Abstract

Clinical trials predict the higher initial costs of drug-eluting coronary stents (DES) compared to bare metal stents (BMS) would be partially offset by decreased costs during the first year after percutaneous coronary intervention (PCI). However, the costs of DES in nonexperimental settings are not well understood. We used a random, nationwide sample of Medicare beneficiaries who had received either DES from April through December 2003 or BMS from July 2002 through December 2003. Propensity score methods separately matched DES recipients (n = 4,375) to historical and contemporary BMS controls.
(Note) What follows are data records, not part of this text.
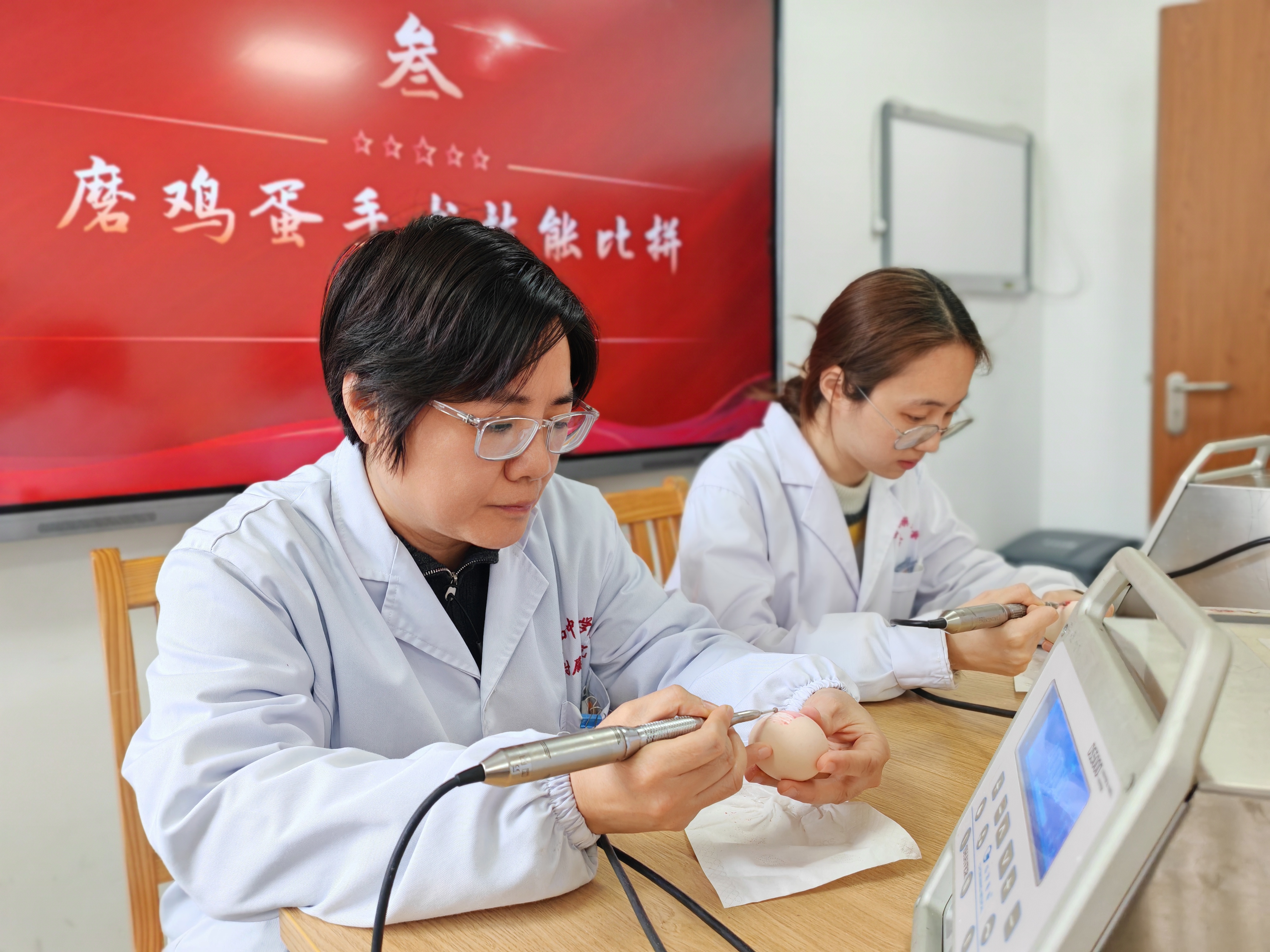 在“磨鸡蛋”手术技能比拼现场,参赛医护人员屏息凝神,端坐于显微镜前,手持精细器械,在生鸡蛋表面进行着一场无声的“微雕较量”。开窗、剥离蛋壳、暴露完整内膜——每一步都如履薄冰,极致考验手眼协调与心理素质。
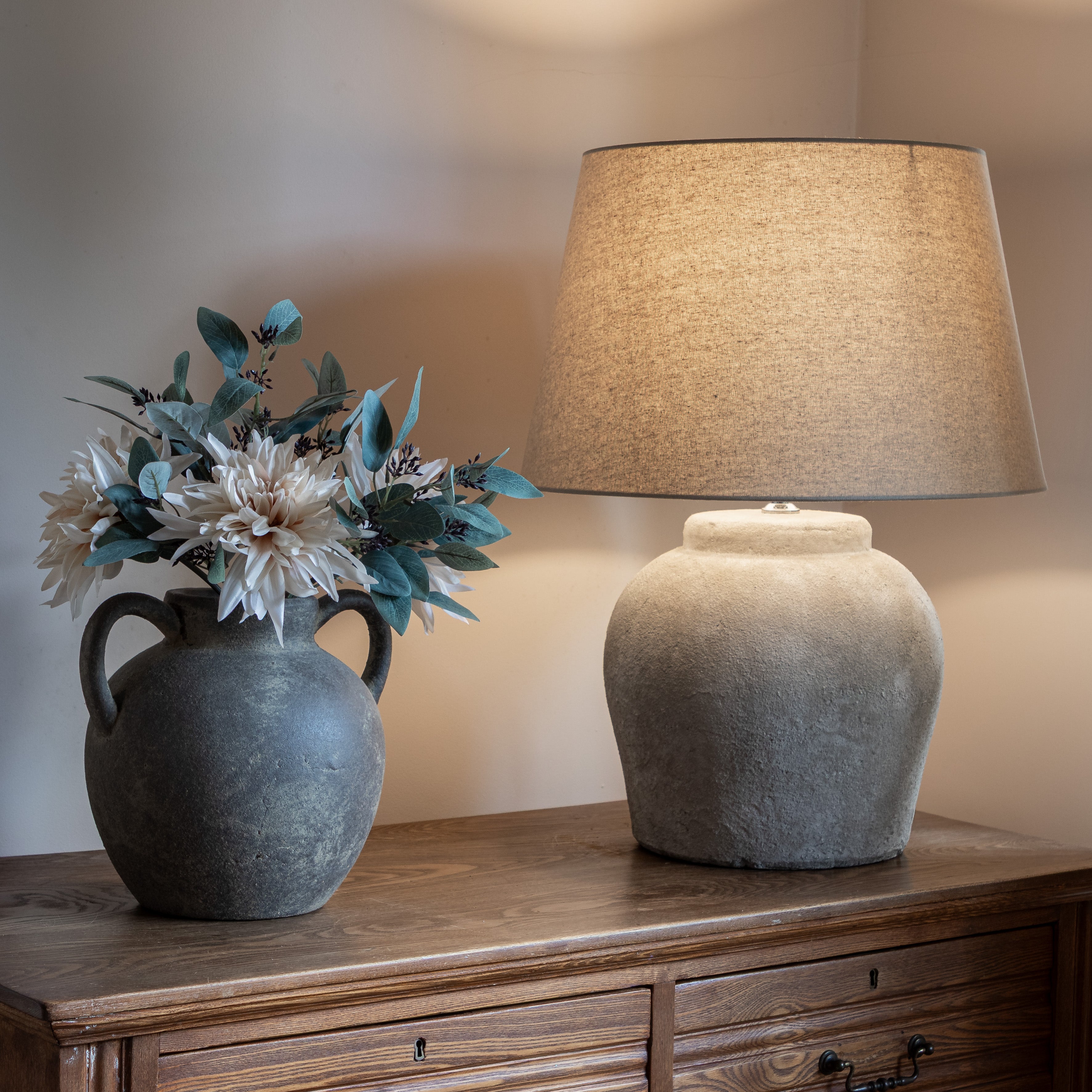 "Another fabulous addition to our textured selection is this Large Textured Rustic Stone Based Lamp adding natural charm to any room. Its sturdy construction ensures stability, while the neutral tones complement a variety of decor styles. Ideal for creating a warm, inviting atmosphere in your living space"- Jessica and Adam
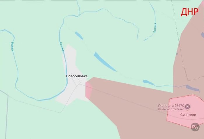 Российские войска продвинулись вдоль восточного притока реки Волчья в Днепропетровской области. В результате продвижения примерно на 2,5 км вглубь обороны противника Вооружённые силы России вошли и закрепились в очередном населённом пункте этого региона. Это село Новосёловка к западу от ранее освобождённого села Январское (Сичневое).
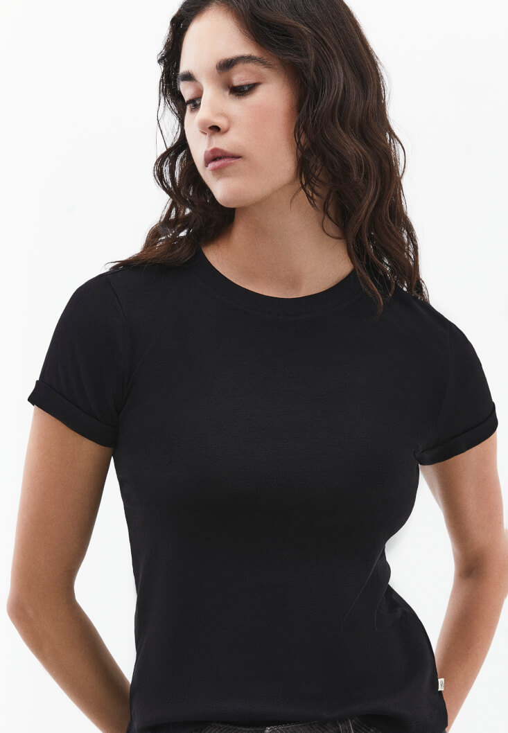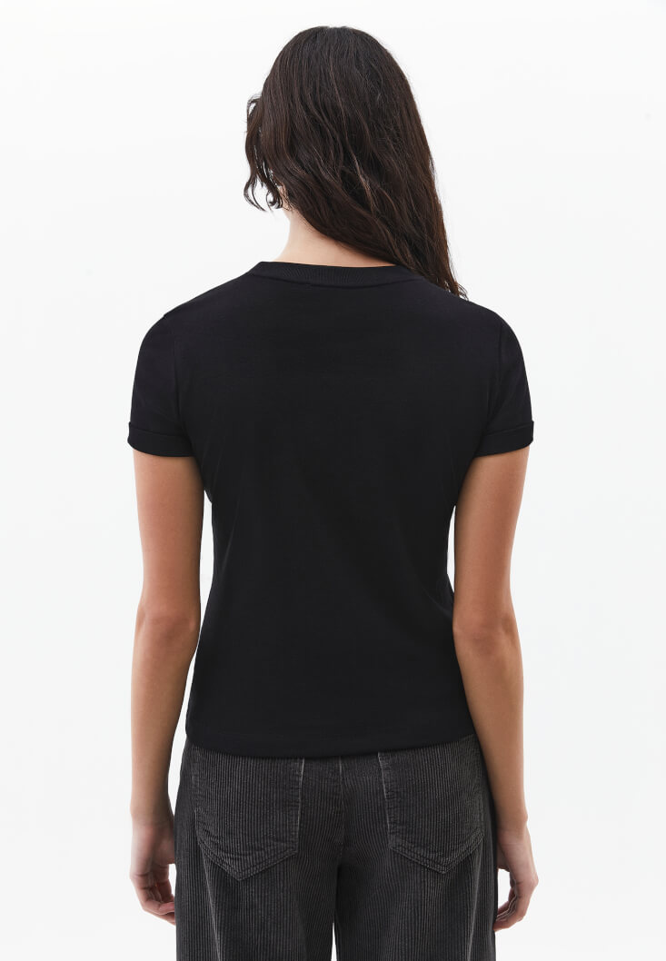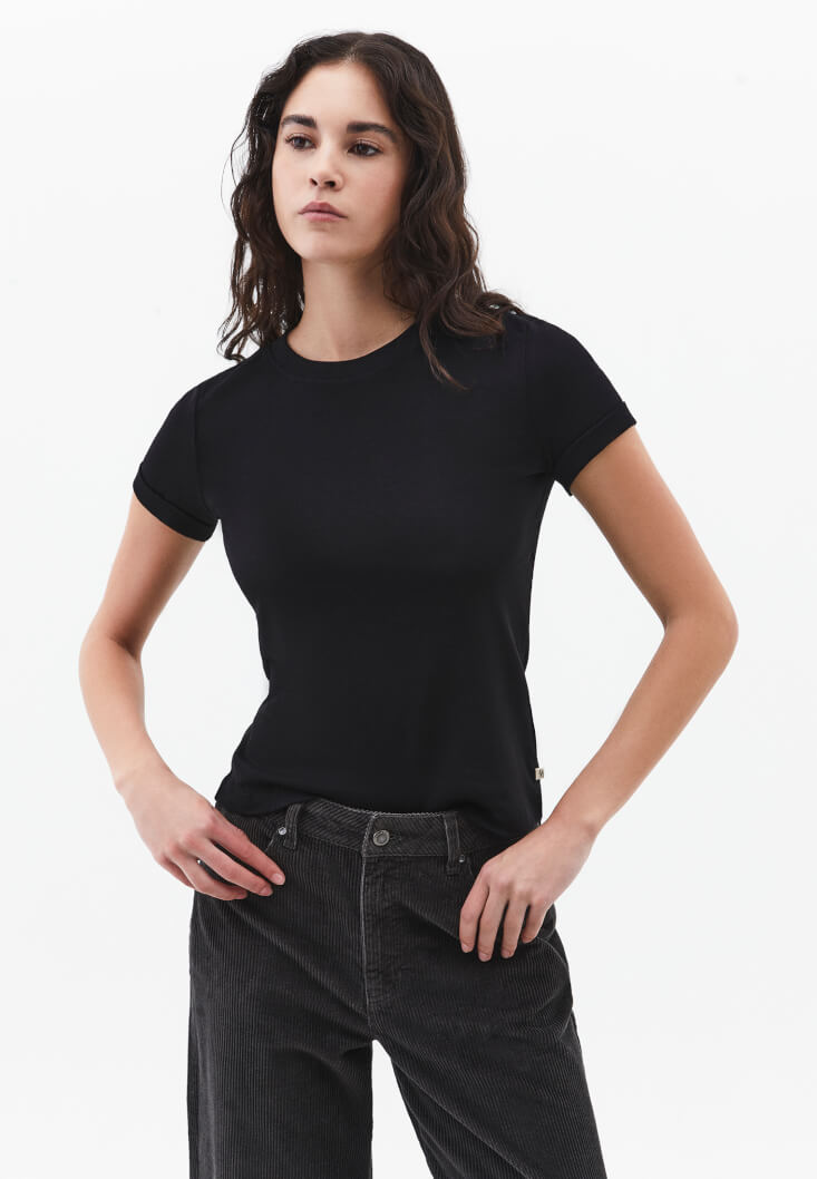 • Bayan Siyah Pamuklu Sıfır Yaka Tişört

Costs were estimated for each patient based on all physician and institutional claims beginning with the PCI hospitalization through the subsequent year, with institutional charges converted to costs via cost center-specific cost-to-charge ratios, as reported to Medicare by each institution. Drug-eluting stent patients had higher 30-day costs compared to both historical controls (mean difference $2,131, 95% CI $1,726 to $2,516) and contemporary controls ($1,882, 95% CI $1,480 to $2,322), but at 1 year, the DES-BMS mean cost differences had diminished substantially ($647, 95% CI $-385 to $1,664 compared to historical controls; $-84, 95% CI $-1,202 to $1,018 compared to contemporary controls) and were no longer statistically significant. Despite higher initial costs of DES, the lower follow-up costs during the first year resulted in relatively small cumulative cost differences between DES and BMS recipients. These differences are comparable to those modeled in economic studies predicting acceptable cost-effectiveness for drug-eluting stents.